IGS / gEAR

The gEAR Portal was created as a data archive and viewer for gene expression data including microarrays, bulk RNA-Seq, single-cell RNA-Seq and more.
https://umgear.org
GNU Affero General Public License v3.0
10 stars 5 forks source link

Purge schema of unused columns/tables #32

Open jorvis opened 2 years ago

jorvis commented 2 years ago

This obviously isn't critical but it's bothering me so I wanted to make note of it. There are many columns and even tables which were part of the initial schema and design but which have fallen unused are are no longer needed.
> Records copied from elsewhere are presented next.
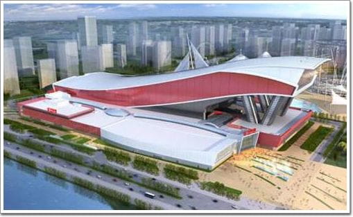 淮南奧林匹克公園位于安徽省淮南市山南新區(qū)城市中心區(qū)南部,其中有一座造型別致的賓館,整個(gè)建筑外形猶如一座巨型“乒乓球拍”,高150m,上方的拍柄部分是觀光層,中部扁寬形狀的拍身用作賓館客房,而下部的球體則被建成會(huì)議中心。這座“乒乓球拍”賓館由中國(guó)著名體育建筑專家梅季魁教授設(shè)計(jì),預(yù)計(jì)投資3億元。此外,整個(gè)奧林匹克公園還有“橄欖球”主體場(chǎng)館、“籃球”體育場(chǎng)館、“排球”游泳館及“足球”全民健身館等其他體育建筑。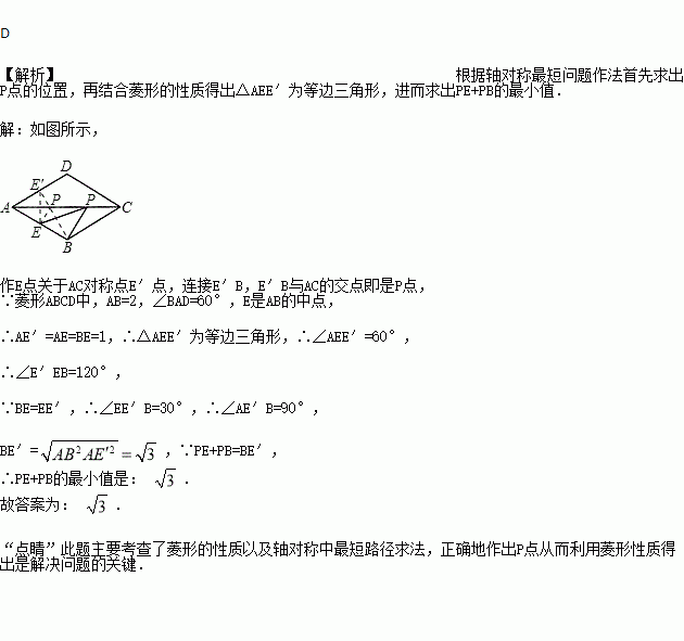 如图,菱形ABCD中,AB=2,∠BAD=60°,E是AB的中点,P是对角线AC上的一个动点,则PE+PB的最小值是( ).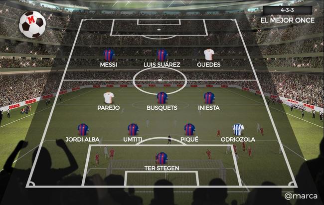 在球迷票選的西甲半程最佳11人中,巴薩占據(jù)了8席:特爾施特根、阿爾巴、烏姆蒂蒂、皮克、布斯克茨、伊涅斯塔、梅西和蘇亞雷斯都入選了這個(gè)陣容。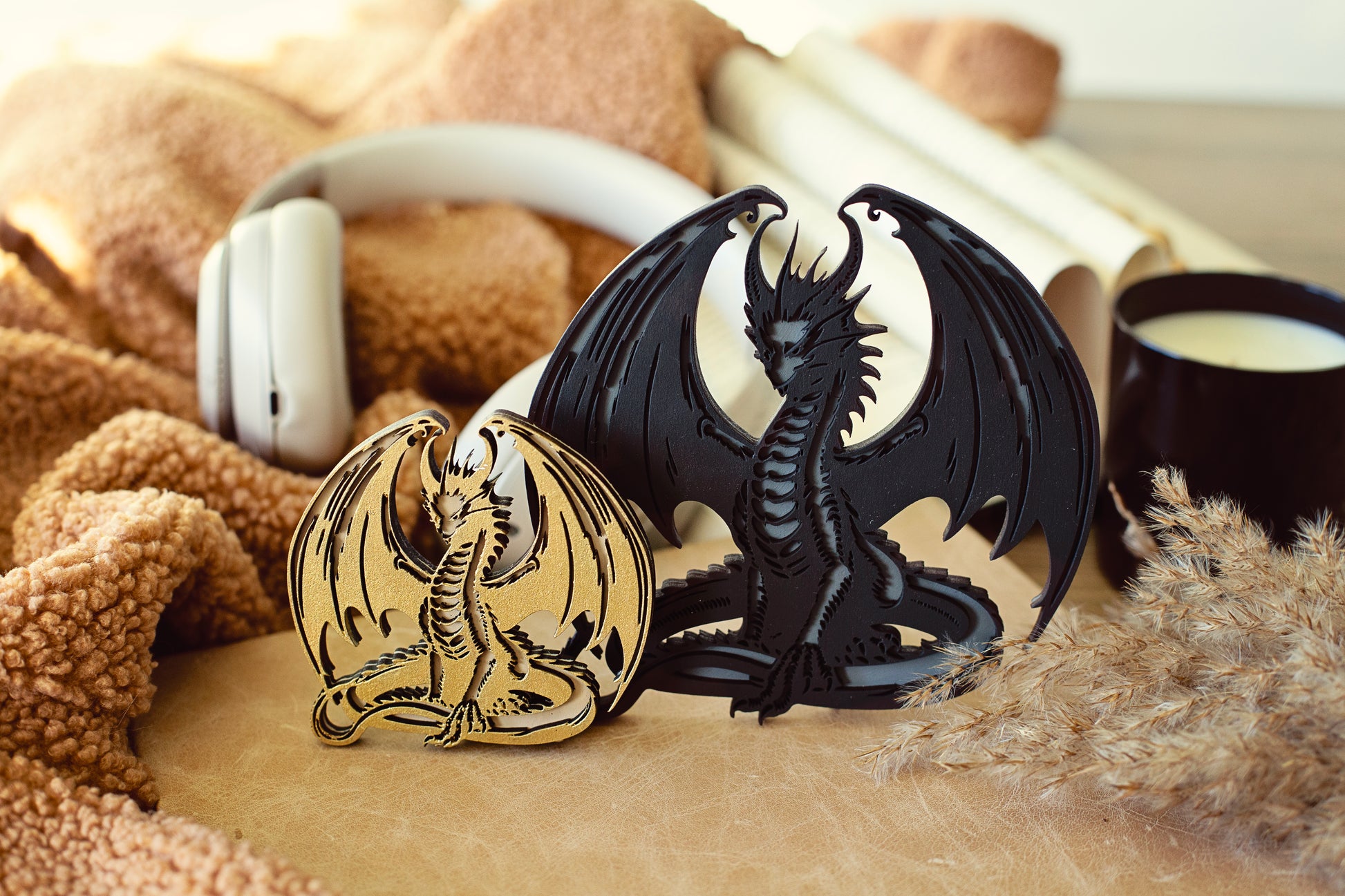 This dragon stand is the perfect accent for any room. It adds a special touch to any bookshelf or wall display. Its natural woodgrain finish adds warmth and texture to any decor. Show off your style with this unique and stylish sign.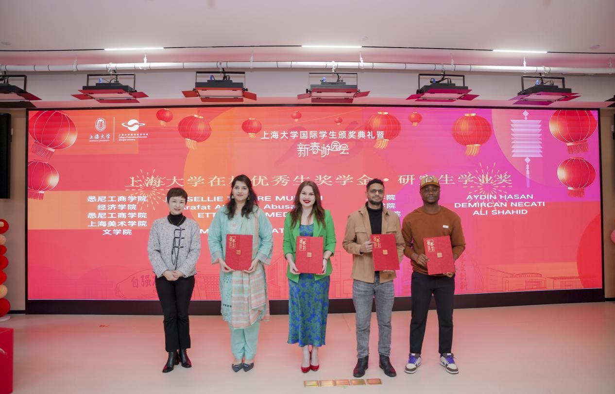 展示环节之后,领导们分别为在上海市九子大赛,国际学生中秋中文诗歌朗诵比赛,国际学生学业奖、实践之星、学术之星、知华传播奖评选中获奖者现场颁发了获奖证书。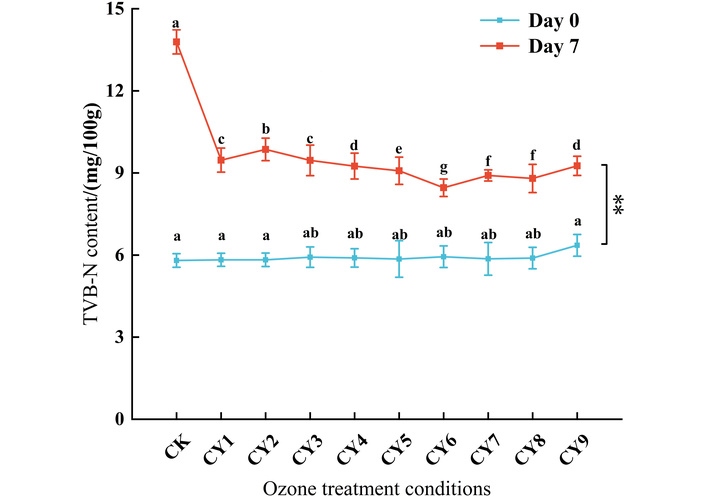 Effects of ozone water with different processes on TVB-N content in boneless chicken claw. Different lowercase letters (e.g., a, b, c, d, e, f) indicate statistically significant differences (p < 0.05) among different treatment groups at various time points (day 0 and day 7). ** indicates that there is a highly significant difference between day 0 and day 7 (p < 0.01). Repeated superscript letters indicate that the means were not significantly different (p > 0.05).
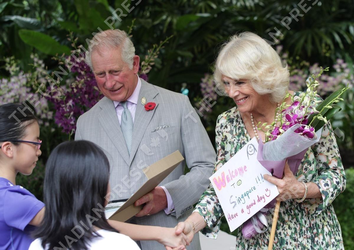 The Prince of Wales and The Duchess of Cornwall are presented with gifts after their visit to the National Botanical Gardens, Singapore.

It would be good to rid the schema of these, along with any API calls expecting them, and fully test the system afterwards to make sure none were missed.

Candidates to remove include:

anatomy.*

dataset.load_status dataset.has_h5ad dataset.plot_default

dataset_epiviz.* (@jkanche needs to confirm here)

layout_members.math_preference layout_members.plot_preference

supplemental_images.* guser.help_id (and all related API code)

API has references to dataset.primary_key in some places

@adkinsrs Let me know if you think any of these should be kept.

adkinsrs commented 2 years ago

I know there is the math preference field for a dataset (log2 vs log10) but I assume layout.math_preference was originally going to adjust/normalize the log scale for all datasets in a layout, correct?

Is it possible that the "anatomy" table would have some application for NeMO Analytics?

Regarding the 3 "dataset" fields, I feel that load_status and plot_default are OK to remove, but I have encountered instances (such as on my Docker instance, and very rarely in the devel/production server) where the dataset was missing the h5ad file, and I would expect queries using has_h5ad=1 to fail there.